Newburyport City Clerk Richard Jones, as most natives know, is more than he seems.
But some people going to the Clerk’s office to get a marriage license, or probably more frequently to pay a parking ticket, may not realize he’s also a lifelong resident of the city, is married with three daughters and is also a lawyer and an artist.
Jones walked the long and winding road to his current position, a return to a City Hall in which he served as city solicitor from 1978 to 1986. But, he explained, as City Clerk, he needs to have an expanded viewpoint. The one in which he is not a Townie, not an Irish-American – but a Newburyporter and an American.
Specializing in historic paintings for the last dozen or so years, he describes his works as “crow’s nest views of New England towns.” How does he do it? He uses a hang glider and sketch pad, “which isn’t easy “ – he jokes.

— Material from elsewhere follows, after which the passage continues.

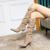 Mode Damen Winter Spitzschuh Stilettoabsatz Schlankmachende Stiefel Blockabsatz Stiefel Schnallendesign Falten Langstiefel Vulkanisierte Schuhe

He is currently working on two concepts. 1). A view of Newburyport from the steeple of Old South Church to the water. 2). A view up Green Street. The latter would include the lost-to-fire steeple on the Immaculate Conception church, the old courthouse on Bartlet Mall, The Kelley School, the Old Hill Burying Ground and out to the railroad tracks.

A painting he made of Newburyport, which depicts downtown from Pleasant Street to the river around 1850, hangs in the mayor’s office. Last year it was on the cover of the Yankee Homecoming program. The painting was “sold through a gallery,” to a local resident, but when the man who bought it moved out of town, he donated the piece to the city.
One day Mayor John Moak (Jones’ predecessor as city clerk) came into the clerk’s office to tell Jones that he would not believe what the city had just received … and just like that, his painting was back in his proximity.